Yup, that’s m’ name, ‘less I owe ya money.
That’s not actually me, that’s fellow shooter Shawn Harris, AKA Dirk Highlander AKA ‘The Corncob’. Photo by Linda Wolf
That’s right, I have started shooting Cowboy Action! I’ve actually been shooting Cowboy for a few months now, but have not blogged about it.
It is not very similar to USPSA, contrary to popular belief. Yes, it is a speed-driven sport, however the courses are entirely different.
Because you only have 20 rounds in your guns (5 in each sixgun, 10 in the rifle) and a variable amount of shotgun shells (usually only 4), the stage designers throw in complex “sweeps” that must be applied to each target array with both rifle and pistol. So a “double-tap sweep” is two on each target, a “Nevada sweep” is one on each target, run through three times, etc. Stage designers will design there own sweeps as well, which can be super-complicated or really simple. It stresses the mental game more so than shooting skills, which is different and sort of fun.

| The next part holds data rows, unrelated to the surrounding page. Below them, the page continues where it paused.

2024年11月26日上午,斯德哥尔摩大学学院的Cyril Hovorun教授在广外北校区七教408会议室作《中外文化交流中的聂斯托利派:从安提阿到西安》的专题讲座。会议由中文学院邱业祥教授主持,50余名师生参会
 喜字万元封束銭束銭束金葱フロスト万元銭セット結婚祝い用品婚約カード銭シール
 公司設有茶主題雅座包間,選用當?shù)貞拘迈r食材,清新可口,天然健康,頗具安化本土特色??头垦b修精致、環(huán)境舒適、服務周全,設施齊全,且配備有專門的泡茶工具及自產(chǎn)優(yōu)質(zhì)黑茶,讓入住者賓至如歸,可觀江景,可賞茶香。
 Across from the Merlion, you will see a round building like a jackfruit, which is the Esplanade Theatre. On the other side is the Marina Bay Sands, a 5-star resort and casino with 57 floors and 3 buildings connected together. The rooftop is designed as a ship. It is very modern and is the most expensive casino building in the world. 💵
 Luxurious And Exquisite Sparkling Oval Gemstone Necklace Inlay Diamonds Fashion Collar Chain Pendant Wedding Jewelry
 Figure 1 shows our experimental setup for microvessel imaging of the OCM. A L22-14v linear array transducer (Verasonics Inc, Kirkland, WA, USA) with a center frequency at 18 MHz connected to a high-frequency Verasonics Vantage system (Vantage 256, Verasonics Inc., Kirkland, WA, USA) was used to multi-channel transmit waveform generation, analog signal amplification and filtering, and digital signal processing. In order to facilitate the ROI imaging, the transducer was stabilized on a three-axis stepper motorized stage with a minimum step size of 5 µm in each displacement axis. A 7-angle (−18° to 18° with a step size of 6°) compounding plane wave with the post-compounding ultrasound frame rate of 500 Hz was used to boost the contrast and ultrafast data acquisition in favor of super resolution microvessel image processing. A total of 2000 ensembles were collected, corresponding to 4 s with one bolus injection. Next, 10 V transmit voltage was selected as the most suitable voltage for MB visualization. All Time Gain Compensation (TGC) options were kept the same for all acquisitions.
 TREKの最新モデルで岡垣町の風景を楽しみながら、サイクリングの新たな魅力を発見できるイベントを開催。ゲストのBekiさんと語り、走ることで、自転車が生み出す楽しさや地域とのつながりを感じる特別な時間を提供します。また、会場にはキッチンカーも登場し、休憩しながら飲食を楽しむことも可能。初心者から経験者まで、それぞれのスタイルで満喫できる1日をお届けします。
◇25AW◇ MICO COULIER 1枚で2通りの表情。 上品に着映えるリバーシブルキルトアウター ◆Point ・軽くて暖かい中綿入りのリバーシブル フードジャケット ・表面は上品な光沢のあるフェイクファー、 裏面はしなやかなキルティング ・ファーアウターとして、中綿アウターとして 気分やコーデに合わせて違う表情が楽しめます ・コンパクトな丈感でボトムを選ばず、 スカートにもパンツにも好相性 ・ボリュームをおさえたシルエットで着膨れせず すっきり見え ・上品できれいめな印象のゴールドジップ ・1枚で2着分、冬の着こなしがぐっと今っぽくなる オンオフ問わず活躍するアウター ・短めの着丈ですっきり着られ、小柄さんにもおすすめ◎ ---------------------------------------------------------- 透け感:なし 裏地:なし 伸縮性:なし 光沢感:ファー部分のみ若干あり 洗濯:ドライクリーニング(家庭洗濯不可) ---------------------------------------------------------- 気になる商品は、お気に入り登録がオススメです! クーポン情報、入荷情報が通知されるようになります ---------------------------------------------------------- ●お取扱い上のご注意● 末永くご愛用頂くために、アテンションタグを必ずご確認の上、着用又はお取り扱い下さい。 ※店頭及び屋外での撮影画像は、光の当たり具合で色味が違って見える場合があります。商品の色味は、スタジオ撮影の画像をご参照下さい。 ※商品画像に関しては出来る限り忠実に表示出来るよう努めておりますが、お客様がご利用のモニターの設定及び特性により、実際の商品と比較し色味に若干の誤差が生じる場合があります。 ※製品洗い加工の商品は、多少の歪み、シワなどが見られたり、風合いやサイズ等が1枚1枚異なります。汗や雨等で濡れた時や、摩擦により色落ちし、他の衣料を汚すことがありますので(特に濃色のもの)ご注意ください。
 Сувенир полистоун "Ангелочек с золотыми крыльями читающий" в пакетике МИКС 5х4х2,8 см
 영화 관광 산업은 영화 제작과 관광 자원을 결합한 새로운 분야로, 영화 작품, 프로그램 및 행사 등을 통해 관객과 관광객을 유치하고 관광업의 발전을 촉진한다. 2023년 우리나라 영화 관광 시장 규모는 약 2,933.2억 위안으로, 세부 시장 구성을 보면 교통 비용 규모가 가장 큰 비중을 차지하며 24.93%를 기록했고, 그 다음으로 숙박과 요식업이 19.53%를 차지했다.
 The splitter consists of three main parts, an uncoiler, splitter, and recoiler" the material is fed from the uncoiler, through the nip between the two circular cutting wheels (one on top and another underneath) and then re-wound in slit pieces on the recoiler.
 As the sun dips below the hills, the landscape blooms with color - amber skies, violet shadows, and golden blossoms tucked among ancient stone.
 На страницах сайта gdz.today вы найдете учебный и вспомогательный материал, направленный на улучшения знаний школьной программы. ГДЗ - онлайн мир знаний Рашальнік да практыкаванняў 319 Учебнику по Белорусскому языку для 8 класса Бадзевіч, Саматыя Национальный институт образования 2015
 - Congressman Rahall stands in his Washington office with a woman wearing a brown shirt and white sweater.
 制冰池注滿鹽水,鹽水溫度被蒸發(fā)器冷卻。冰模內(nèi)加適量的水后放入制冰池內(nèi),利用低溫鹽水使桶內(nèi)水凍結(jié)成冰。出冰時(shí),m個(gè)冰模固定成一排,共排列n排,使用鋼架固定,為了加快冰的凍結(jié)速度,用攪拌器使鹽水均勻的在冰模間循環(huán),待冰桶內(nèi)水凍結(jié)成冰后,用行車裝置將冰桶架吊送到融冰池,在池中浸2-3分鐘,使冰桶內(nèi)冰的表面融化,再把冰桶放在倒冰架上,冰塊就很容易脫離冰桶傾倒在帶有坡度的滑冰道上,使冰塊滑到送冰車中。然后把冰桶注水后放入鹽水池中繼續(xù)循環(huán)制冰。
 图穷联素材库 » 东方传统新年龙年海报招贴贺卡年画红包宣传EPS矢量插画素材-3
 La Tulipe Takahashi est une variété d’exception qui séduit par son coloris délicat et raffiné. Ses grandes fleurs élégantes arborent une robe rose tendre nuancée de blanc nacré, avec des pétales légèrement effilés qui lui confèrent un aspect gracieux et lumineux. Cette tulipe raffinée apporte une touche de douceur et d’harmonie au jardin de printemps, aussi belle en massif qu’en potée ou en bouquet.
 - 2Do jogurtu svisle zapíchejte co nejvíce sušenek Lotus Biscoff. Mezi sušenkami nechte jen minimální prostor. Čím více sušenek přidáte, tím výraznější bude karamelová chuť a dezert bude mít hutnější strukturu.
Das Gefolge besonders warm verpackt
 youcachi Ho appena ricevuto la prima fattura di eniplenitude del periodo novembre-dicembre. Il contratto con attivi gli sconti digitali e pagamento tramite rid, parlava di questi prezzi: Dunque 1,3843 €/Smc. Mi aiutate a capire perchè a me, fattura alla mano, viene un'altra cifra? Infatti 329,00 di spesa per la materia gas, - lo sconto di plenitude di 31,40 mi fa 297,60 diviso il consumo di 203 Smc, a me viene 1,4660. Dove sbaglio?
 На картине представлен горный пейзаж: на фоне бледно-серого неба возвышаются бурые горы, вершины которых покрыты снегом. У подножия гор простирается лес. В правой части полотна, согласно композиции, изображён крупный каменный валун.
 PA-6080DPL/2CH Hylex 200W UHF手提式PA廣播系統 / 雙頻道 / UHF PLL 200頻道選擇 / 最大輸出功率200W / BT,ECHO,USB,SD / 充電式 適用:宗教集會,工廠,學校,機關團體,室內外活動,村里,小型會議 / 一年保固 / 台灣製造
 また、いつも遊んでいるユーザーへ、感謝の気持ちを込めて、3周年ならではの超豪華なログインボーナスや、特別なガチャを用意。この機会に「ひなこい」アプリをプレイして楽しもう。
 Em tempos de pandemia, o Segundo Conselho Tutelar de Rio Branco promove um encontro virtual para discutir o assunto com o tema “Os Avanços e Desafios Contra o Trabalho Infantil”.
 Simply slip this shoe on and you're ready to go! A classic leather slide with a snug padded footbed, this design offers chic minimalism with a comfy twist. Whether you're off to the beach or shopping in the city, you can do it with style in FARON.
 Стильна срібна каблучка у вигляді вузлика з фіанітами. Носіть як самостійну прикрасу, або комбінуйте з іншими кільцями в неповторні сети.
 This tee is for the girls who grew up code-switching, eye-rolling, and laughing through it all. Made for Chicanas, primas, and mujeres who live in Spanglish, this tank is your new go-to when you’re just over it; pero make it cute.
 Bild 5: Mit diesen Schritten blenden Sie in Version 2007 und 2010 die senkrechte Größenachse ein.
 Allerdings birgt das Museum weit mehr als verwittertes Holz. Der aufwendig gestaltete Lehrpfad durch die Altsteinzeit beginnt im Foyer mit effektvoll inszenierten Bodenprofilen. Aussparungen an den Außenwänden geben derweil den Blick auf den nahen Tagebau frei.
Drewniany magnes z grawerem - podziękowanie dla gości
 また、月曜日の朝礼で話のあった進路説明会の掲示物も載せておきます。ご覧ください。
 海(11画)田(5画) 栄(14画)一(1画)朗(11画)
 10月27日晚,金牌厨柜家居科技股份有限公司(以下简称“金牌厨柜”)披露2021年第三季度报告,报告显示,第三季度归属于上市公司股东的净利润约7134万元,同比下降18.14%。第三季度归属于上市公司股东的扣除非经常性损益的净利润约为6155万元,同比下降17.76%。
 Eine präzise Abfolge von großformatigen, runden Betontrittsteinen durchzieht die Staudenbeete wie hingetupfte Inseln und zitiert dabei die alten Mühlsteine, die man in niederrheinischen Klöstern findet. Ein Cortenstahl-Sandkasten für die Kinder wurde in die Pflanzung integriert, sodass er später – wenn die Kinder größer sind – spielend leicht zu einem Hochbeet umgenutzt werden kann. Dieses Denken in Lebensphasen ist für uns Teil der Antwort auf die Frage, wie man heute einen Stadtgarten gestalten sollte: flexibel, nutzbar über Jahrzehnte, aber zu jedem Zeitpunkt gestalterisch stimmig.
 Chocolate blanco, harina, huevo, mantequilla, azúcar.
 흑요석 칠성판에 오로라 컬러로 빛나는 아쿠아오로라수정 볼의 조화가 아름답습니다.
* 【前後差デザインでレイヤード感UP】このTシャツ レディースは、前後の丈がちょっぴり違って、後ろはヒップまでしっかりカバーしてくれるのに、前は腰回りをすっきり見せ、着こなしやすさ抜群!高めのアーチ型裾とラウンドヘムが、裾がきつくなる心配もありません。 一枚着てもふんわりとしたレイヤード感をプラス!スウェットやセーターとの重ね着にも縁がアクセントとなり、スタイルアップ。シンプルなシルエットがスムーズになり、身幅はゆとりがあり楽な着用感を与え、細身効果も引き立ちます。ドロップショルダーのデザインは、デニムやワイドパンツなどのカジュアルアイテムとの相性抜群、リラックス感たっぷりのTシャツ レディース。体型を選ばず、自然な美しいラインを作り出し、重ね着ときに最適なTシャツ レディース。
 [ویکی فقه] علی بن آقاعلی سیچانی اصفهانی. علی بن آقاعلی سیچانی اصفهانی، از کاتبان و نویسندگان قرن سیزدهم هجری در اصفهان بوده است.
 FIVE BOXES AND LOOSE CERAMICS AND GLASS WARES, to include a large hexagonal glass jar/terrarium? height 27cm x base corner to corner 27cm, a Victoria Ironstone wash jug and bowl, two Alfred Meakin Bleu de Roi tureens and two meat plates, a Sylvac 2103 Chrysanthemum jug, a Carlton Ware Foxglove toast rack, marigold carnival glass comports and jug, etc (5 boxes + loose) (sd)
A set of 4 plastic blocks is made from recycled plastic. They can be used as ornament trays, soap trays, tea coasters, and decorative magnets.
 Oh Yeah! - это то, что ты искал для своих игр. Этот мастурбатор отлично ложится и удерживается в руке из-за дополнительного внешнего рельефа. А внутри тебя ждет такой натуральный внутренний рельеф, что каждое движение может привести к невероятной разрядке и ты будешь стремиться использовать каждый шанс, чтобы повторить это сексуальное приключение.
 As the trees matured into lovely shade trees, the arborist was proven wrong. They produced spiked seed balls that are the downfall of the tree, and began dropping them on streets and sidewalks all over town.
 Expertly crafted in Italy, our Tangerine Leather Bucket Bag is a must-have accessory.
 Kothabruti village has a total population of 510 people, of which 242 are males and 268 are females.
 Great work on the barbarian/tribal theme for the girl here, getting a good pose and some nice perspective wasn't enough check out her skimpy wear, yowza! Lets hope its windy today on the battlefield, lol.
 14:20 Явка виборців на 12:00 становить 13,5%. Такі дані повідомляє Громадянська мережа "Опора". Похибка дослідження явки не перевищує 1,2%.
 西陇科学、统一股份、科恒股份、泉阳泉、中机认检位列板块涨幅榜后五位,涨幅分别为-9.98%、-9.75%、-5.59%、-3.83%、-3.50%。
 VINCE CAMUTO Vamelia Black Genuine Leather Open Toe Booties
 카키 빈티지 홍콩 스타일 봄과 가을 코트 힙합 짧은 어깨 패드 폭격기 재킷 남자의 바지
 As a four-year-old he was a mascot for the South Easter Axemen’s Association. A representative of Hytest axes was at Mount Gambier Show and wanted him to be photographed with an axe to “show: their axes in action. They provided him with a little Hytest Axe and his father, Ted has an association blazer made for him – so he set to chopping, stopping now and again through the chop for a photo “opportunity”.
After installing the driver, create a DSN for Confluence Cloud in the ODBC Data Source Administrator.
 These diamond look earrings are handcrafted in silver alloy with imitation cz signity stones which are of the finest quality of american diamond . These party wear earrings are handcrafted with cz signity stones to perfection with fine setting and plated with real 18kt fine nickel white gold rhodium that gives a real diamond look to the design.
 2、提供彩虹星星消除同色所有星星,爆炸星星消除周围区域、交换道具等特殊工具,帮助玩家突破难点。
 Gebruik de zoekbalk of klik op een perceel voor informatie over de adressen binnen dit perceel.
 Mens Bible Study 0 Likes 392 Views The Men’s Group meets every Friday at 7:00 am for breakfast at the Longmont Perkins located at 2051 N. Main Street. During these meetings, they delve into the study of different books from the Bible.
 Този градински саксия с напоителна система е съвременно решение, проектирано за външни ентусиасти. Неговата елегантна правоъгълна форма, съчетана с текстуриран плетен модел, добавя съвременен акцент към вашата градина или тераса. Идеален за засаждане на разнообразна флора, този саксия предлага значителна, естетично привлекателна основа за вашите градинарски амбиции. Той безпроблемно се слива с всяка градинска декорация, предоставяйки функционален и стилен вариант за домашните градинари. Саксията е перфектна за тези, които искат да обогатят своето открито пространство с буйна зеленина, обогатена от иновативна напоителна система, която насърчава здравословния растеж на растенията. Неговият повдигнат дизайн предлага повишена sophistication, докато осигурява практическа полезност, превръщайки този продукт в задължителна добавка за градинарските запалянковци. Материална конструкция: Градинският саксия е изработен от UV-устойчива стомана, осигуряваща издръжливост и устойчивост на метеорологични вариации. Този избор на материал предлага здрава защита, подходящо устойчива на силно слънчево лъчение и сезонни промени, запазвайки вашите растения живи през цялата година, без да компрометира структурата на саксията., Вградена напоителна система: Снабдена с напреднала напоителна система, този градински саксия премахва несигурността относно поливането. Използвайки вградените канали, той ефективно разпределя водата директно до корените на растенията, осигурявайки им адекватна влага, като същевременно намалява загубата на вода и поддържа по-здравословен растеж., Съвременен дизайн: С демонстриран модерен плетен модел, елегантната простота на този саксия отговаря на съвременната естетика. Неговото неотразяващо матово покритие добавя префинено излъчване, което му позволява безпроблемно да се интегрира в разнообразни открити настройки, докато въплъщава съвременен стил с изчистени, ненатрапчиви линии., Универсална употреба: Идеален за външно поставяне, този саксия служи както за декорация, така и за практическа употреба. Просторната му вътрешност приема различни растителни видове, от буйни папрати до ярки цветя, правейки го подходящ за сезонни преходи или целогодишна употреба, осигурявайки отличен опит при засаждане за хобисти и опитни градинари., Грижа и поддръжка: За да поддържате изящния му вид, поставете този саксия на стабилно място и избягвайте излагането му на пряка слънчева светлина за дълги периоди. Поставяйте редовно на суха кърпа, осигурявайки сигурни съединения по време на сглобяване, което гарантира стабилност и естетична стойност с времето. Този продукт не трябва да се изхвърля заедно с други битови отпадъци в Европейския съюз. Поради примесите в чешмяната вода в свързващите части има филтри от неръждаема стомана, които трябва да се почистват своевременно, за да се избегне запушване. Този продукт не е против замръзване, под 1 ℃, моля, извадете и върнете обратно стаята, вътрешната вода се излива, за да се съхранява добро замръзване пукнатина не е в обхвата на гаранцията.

Another thing I’ve noticed shooting Cowboy: It’s a far more social sport. Because there is little to no reset required, you’re not as busy as you would be at at USPSA match.
In fact, it’s almost more like a hobby than a sport, at least at the club-level matches I’ve shot. For example, some of the shotgun targets will trigger a flying clay. If the clay comes out broken, it’s a freebie. In MultiGun, that would not fly (pun intended) and you would be forced to reshoot so that the stage is the same for everybody. That’s no big deal, but in my opinion, if the organization wants to grow as a sport, that kind of thing should change.